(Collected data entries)
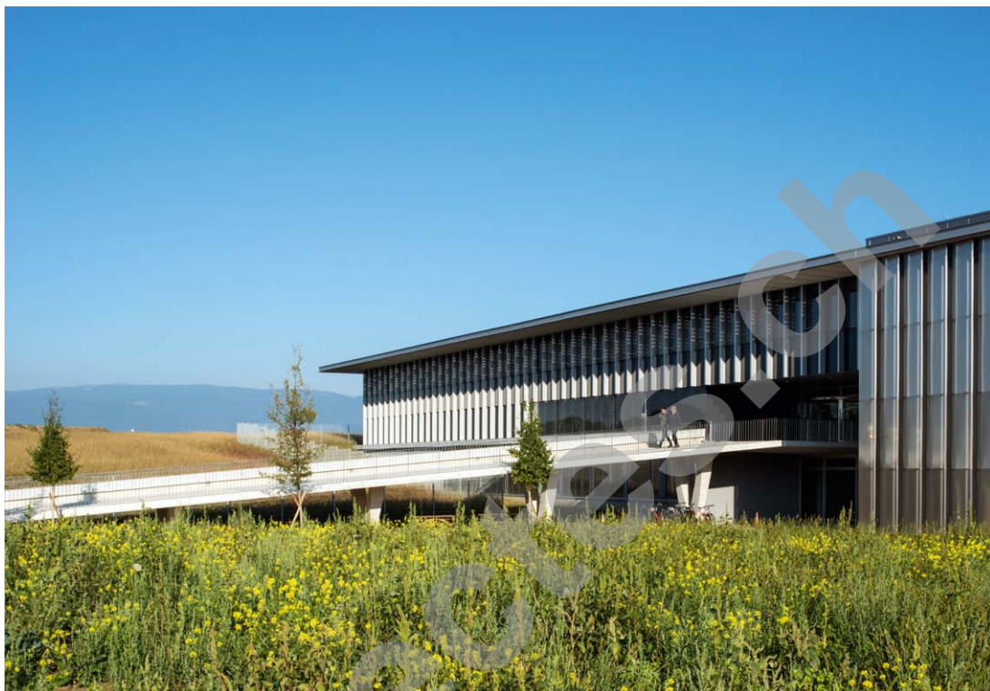
Bobst Group - Façade sud
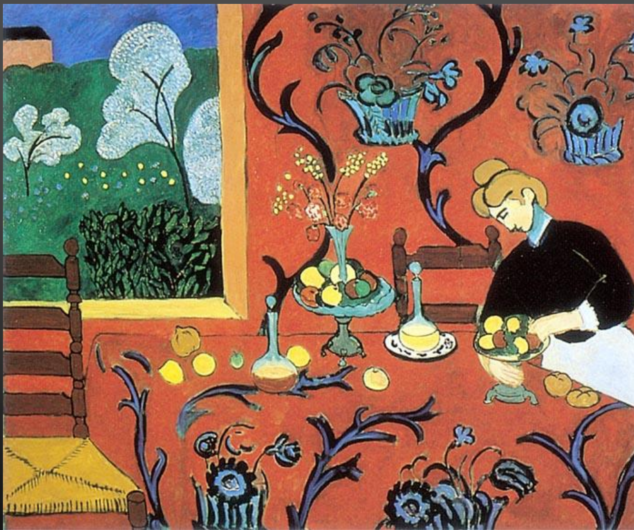
圖1-9 1908-1909 馬蒂斯 〈紅色的旋 律〉
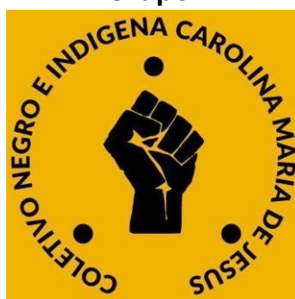
Figura 2 – Segunda logo do Coletivo, após o ingresso de um integrante indígena, com o grafismo Puri – Pirirêma – que significa Coletivo, Grupo
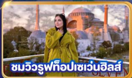
ชมวิวยุโรปเซเวนฮิลส์
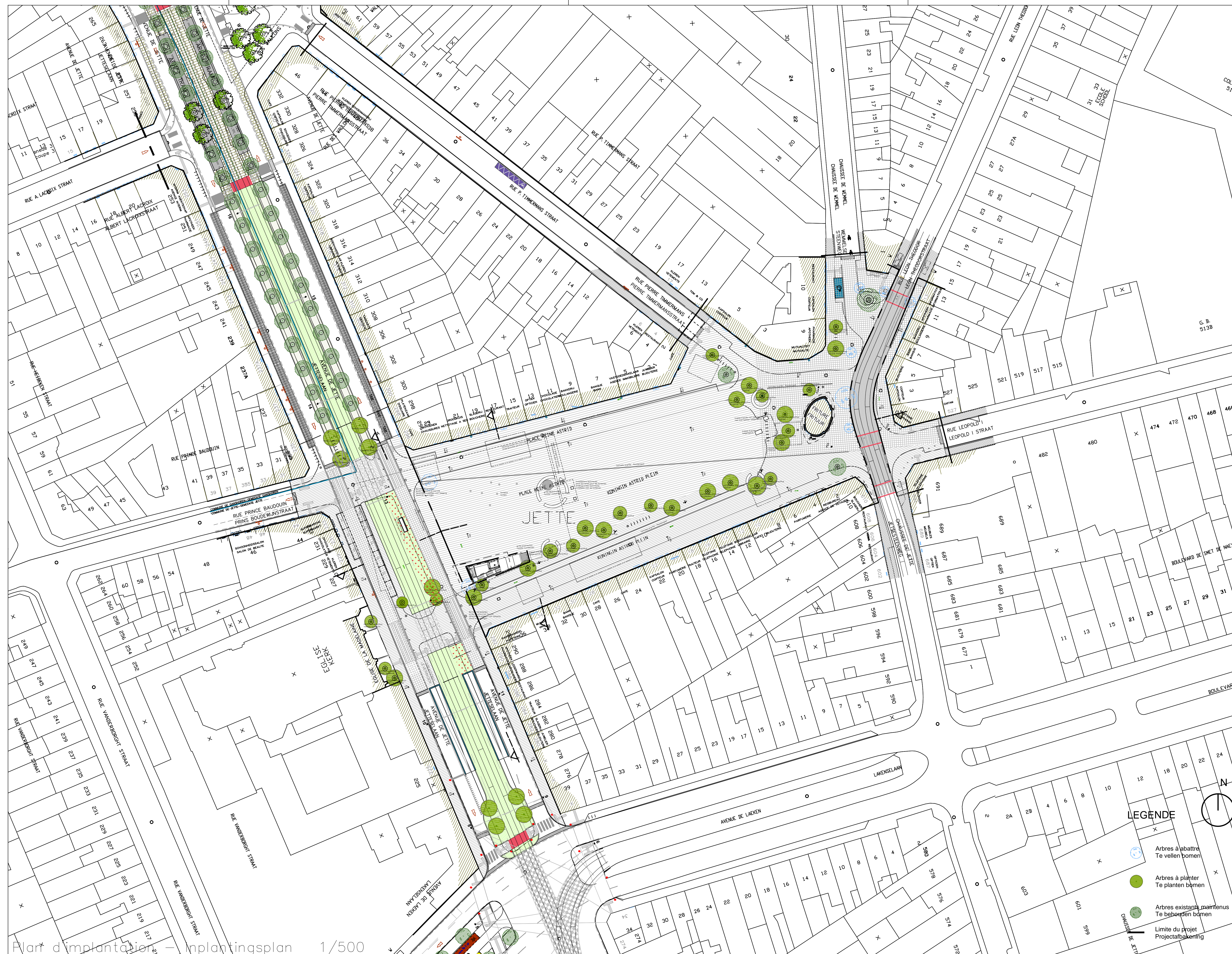
Plan d'implantation – Inplantingsplan 1/500
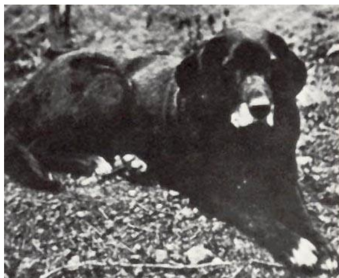
Slika 2. Pas svetog Johna
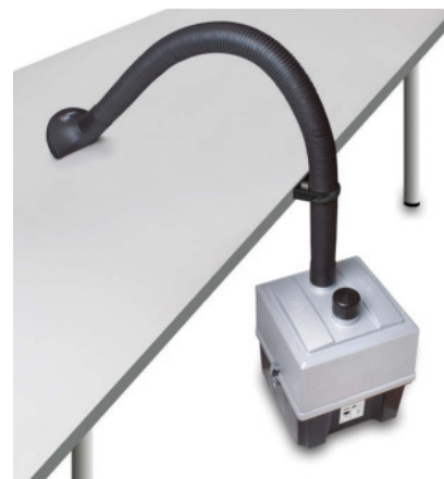
> Unità Zero Smog EL
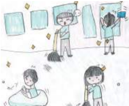
回転ブラシが床をキレイにしながらか動く車「搭乗式床洗浄機」が掃除している様子を動画で見せてもらい、テンション上がりました!

1つ目は、ハンディーそうじきです。ハンディーそうじきは、床をきれいにそうじする道具です。2つ目はマイクロファイバークロスです。マイクロファイバークロスは、ガラスの窓をふく道具で、水でぬらして、よくしぼってふ
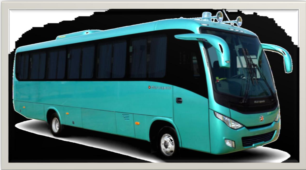
Figura No 2. Carrocería. New Senior
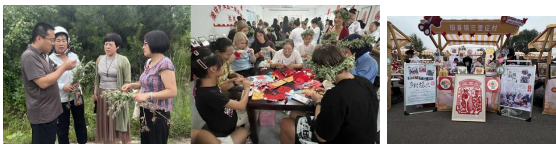
图-30 邀请专家助农调研图-31 开班授课助农开发产品图-32 助农产品在农民丰收节精彩亮相

学校三里庄文艺中专班紧扣《农村资源开发与利用》课程实践，以本地艾草为原料，开启特色产品开发之路。端午前后学员们抢抓时机采收新鲜艾草，在专业老师指导下开启“全株利用”模式：鲜嫩艾叶制成清香馥郁的艾草茶，兼具祛湿散寒之效；剩余叶片提炼成驱蚊止痒的艾草纯露；晒干后的艾草梗填充成安神助眠的艾草枕头。这些创新做法，打破了学员们对艾草“煮水泡脚”的单一认知。大家主动搬出家中囤积的陈艾草寻求开发方案，师生合力将陈艾草搓制成艾绒，进一步研发出艾绒坐垫、鞋垫、艾柱及艾草香囊等产品。新鲜艾草、陈年艾草分类开发，催生出品类丰富的艾草产品。带着浓郁艾叶香的特色好物，在延庆农民丰收节上惊艳亮相。

* Task brief *
Each entry, word for word, belongs in your answer; each picture does not.

* Output of the exercise *
Bobst Group - Façade sud
圖1-9 1908-1909 馬蒂斯 〈紅色的旋 律〉
Figura 2 – Segunda logo do Coletivo, após o ingresso de um integrante indígena, com o grafismo Puri – Pirirêma – que significa Coletivo, Grupo
ชมวิวยุโรปเซเวนฮิลส์
Plan d'implantation – Inplantingsplan 1/500
Slika 2. Pas svetog Johna
> Unità Zero Smog EL
回転ブラシが床をキレイにしながらか動く車「搭乗式床洗浄機」が掃除している様子を動画で見せてもらい、テンション上がりました!

1つ目は、ハンディーそうじきです。ハンディーそうじきは、床をきれいにそうじする道具です。2つ目はマイクロファイバークロスです。マイクロファイバークロスは、ガラスの窓をふく道具で、水でぬらして、よくしぼってふ
Figura No 2. Carrocería. New Senior
图-30 邀请专家助农调研图-31 开班授课助农开发产品图-32 助农产品在农民丰收节精彩亮相

学校三里庄文艺中专班紧扣《农村资源开发与利用》课程实践，以本地艾草为原料，开启特色产品开发之路。端午前后学员们抢抓时机采收新鲜艾草，在专业老师指导下开启“全株利用”模式：鲜嫩艾叶制成清香馥郁的艾草茶，兼具祛湿散寒之效；剩余叶片提炼成驱蚊止痒的艾草纯露；晒干后的艾草梗填充成安神助眠的艾草枕头。这些创新做法，打破了学员们对艾草“煮水泡脚”的单一认知。大家主动搬出家中囤积的陈艾草寻求开发方案，师生合力将陈艾草搓制成艾绒，进一步研发出艾绒坐垫、鞋垫、艾柱及艾草香囊等产品。新鲜艾草、陈年艾草分类开发，催生出品类丰富的艾草产品。带着浓郁艾叶香的特色好物，在延庆农民丰收节上惊艳亮相。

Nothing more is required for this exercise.